Le Conseil des ministres a adopté, le 13 mai 2026, un important avant-projet de loi portant Code de santé animale et de santé publique vétérinaire. Cette réforme majeure vise à moderniser le cadre juridique de 2017 et à doter le pays d’un outil plus adapté aux défis actuels du secteur de l’élevage.
Selon le ministre délégué auprès du ministre d’État, ministre de l’agriculture, de l’eau, des ressources animales et halieutiques, chargé des ressources animales, Amadou Dicko, ce nouveau texte corrige les insuffisances observées après près d’une décennie d’application de la loi précédente.
« Le Conseil des ministres a adopté l’avant-projet de loi portant Code de santé animale et de santé publique vétérinaire. Ce texte vise à moderniser la loi de 2017 afin de corriger les insuffisances constatées et de l’adapter au contexte juridique lié aux nouveaux défis du secteur de l’élevage », a déclaré le ministre.
Principales innovations du nouveau Code
Parmi les avancées majeures introduites figurent la levée des restrictions qui limitaient l’action de l’État dans l’exercice de la médecine vétérinaire et de la pharmacie vétérinaire, la consécration officielle du statut de vétérinaire official. En outre, il ya l’intégration des thématiques émergentes telles que la résistance aux antimicrobiens, l’approche One Health, le bien-être animal et l’encadrement de la médecine vétérinaire traditionnelle. Aussi, on y retrouve la possibilité pour l’État d’octroyer un monopole sur l’importation et la commercialisation des médicaments vétérinaires jugés stratégiques, afin de garantir un approvisionnement fiable et sécurisé, le renforcement significatif des sanctions, jugées jusqu’ici peu dissuasives.

Le ministre Amadou Dicko a souligné que ce nouveau Code « renforce la souveraineté de l’État en matière de souveraineté sanitaire » et permettra d’améliorer la prévention et la lutte contre les maladies animales, tout en renforçant la lutte contre les zoonoses.
Un texte porteur de sécurité alimentaire et de santé publique
L’adoption de ce Code intervient dans un contexte où l’élevage joue un rôle crucial dans l’économie burkinabè et la sécurité alimentaire du pays.
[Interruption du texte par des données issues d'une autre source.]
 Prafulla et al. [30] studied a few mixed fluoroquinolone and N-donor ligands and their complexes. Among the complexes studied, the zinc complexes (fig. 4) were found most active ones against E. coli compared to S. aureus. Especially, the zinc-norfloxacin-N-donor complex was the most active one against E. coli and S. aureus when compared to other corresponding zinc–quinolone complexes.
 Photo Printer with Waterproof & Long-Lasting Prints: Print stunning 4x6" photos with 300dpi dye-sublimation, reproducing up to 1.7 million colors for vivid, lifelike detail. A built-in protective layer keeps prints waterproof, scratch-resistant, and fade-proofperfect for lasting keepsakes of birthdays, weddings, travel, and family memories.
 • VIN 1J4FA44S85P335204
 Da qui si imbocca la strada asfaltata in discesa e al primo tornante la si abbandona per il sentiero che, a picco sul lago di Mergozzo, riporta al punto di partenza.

Les autorités estiment que le nouveau dispositif juridique garantira une meilleure santé animale, un approvisionnement en médicaments vétérinaires de qualité et une protection renforcée de la santé publique.
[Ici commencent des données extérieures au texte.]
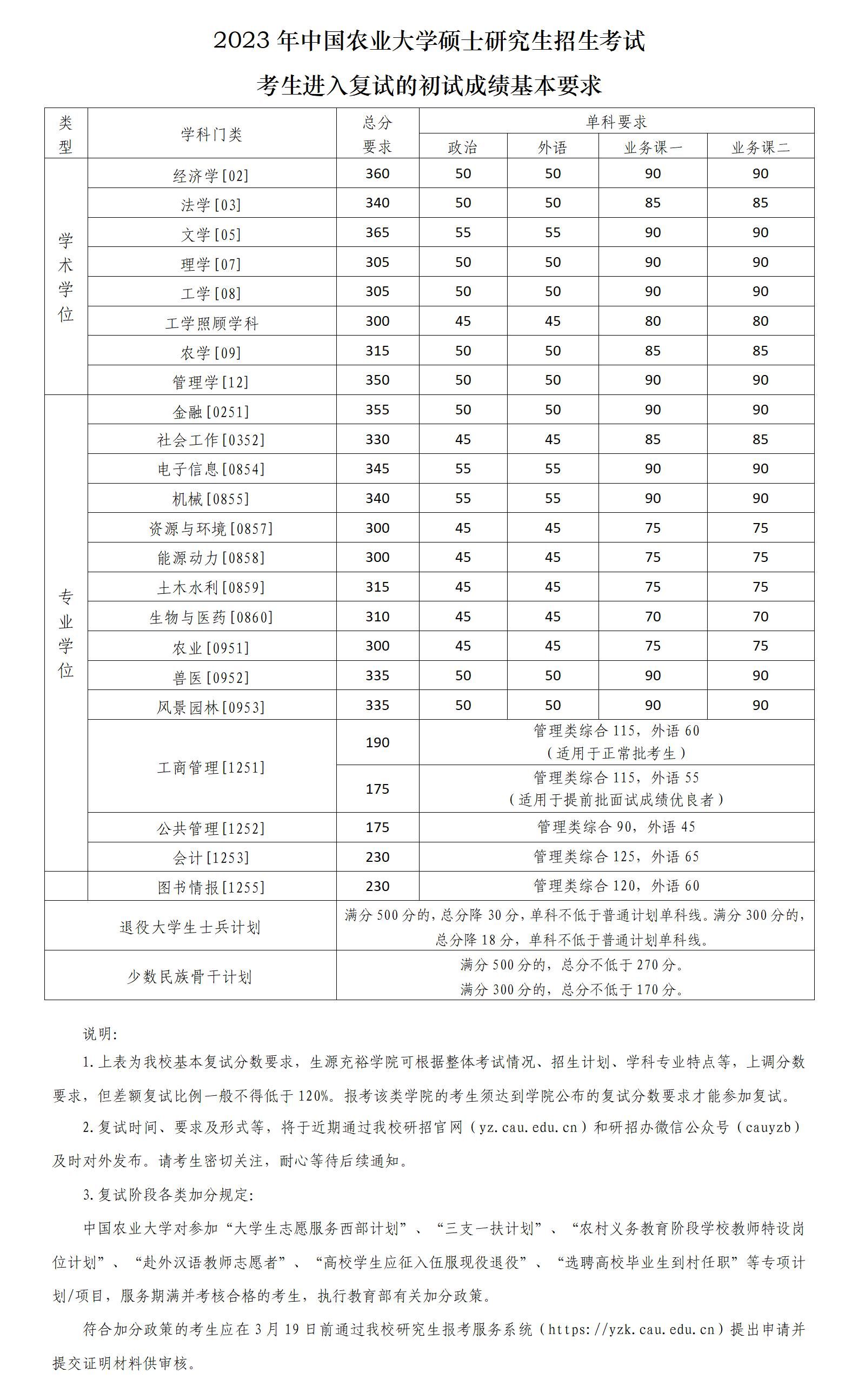 2023年中國農(nóng)業(yè)大學(xué)碩士研究生招生考試考生進入復(fù)試的初試

« L’adoption de cet avant-projet de loi permettra au Burkina de disposer d’un dispositif qui garantit la santé animale, la lutte contre les maladies zoonotiques et l’approvisionnement en médicaments sécurisés », a insisté le ministre Dicko.
Ce projet de loi sera prochainement transmis à l’Assemblée législative du people pour examen et adoption définitive.